By Usha Kumar , Truthout
For nearly 90 minutes, the woman in a sari spoke uninterrupted, her voice echoing over the microphone into a cavernous room at the main temple hall of the Umiya Dham Mandir in Edison, New Jersey. “So long as the last enemy is on Earth, peace is impossible!” she shouted. “So long as the last demon is on Earth, peace cannot come!”
As she spoke, some attendees walked into the temple to offer their prayers, and left soon after, paying no attention to the woman on stage. Although a loud minority of those in attendance were rather riled up, some sat still and unmoved. The woman’s speech seemed to turn progressively more virulent. Life in the U.S., she chided the audience, had made them lazy and complacent. They were unaware that the danger was at their door. Its form? A “demon,” a “monster standing on the chests of Hindus” — Zohran Mamdani. Mamdani, the speaker falsely claimed, had been backed by George Soros and his son Alex to the tune of $34 million. And a further $500 million was on the way. “There are only two options: fight or get converted,” she told them. “The choice is yours.”

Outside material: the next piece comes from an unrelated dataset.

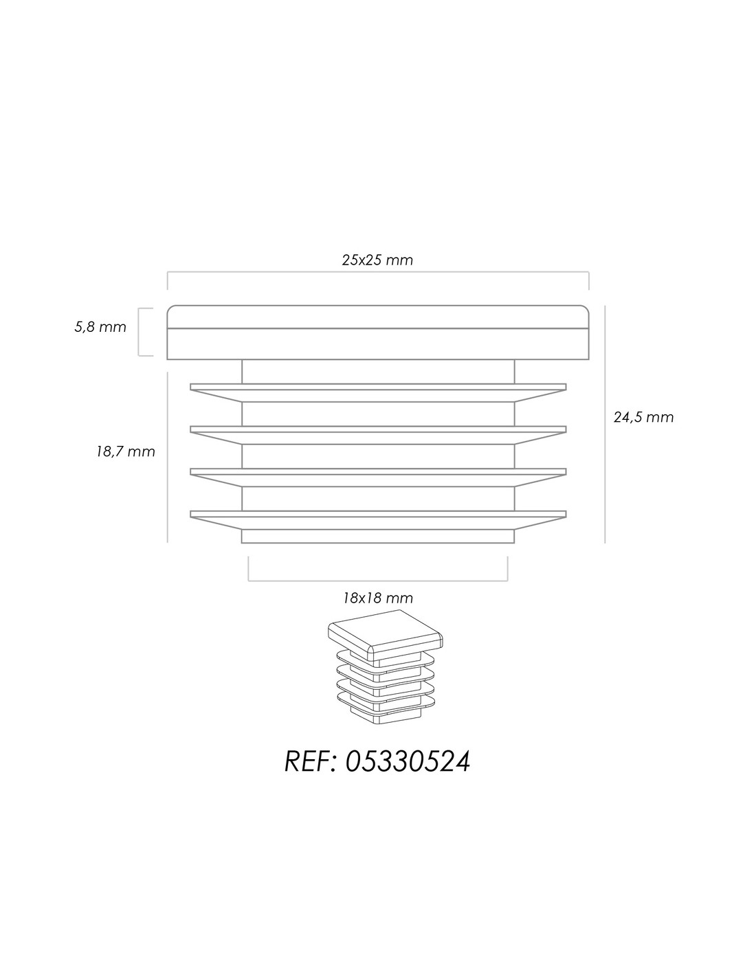 Contera Interior Plastico Cuadrada 25x25 mm. Color Negro. Bolsa 200 Unidades. Contera Mesa, Silla, Muebles, Estanteria

Soon after, the woman began to lay out how Muslims — whom she referred to alternatively as “braindead zombies,” “treacherous jihadis,” or “living monsters” — were conspiring, through halal-certified food, to make Hindus sexually impotent, and called for an economic boycott of Muslims. “If someone consumes halal food in front of us, and we know it, and remain silent, then we too are committing a sin,” she exclaimed. “Every moment, you must do your religious duty. So stop eating there, stop purchasing halal! Look, who is making the food, and what drugs they are adding to it.” Even fruit bought from Muslims, she baselessly claimed, had been injected with enzymes that make Hindus infertile. Some attendees open their phones, seeking to investigate if their favorite brands were halal-certified or not.
The woman on stage was Kajal Hindusthani. Recorded as the worst purveyor of hateful rhetoric in India in 2023 by the Center for the Study of Organized Hate, Hindusthani has multiple cases registered against her in India for inciting violence. Ordinarily, this would make her persona non grata to U.S. authorities, but in the upside-down world we live in, she was instead invited, by a group of Hindu supremacist organizations, for a 38-day grand tour of the United States.
Far from condemnation, New York City Mayor Eric Adams had accepted an invitation to hear Hindusthani speak in Long Island at an event held a few days prior to the speech in Edison. Adams withdrew from the event at the last minute following an outcry by a multifaith coalition of over two dozen organizations, but this controversy was insufficient to prevent the same blunder (and the same strategy) from being repeated. Soon after she spoke in Edison, Hindusthani received a commendation from the Democratic Rhode Island Lt. Gov. Sabina Matos, that, astonishingly, praised Hindusthani’s “commitment to community empowerment, women’s safety, and social harmony.”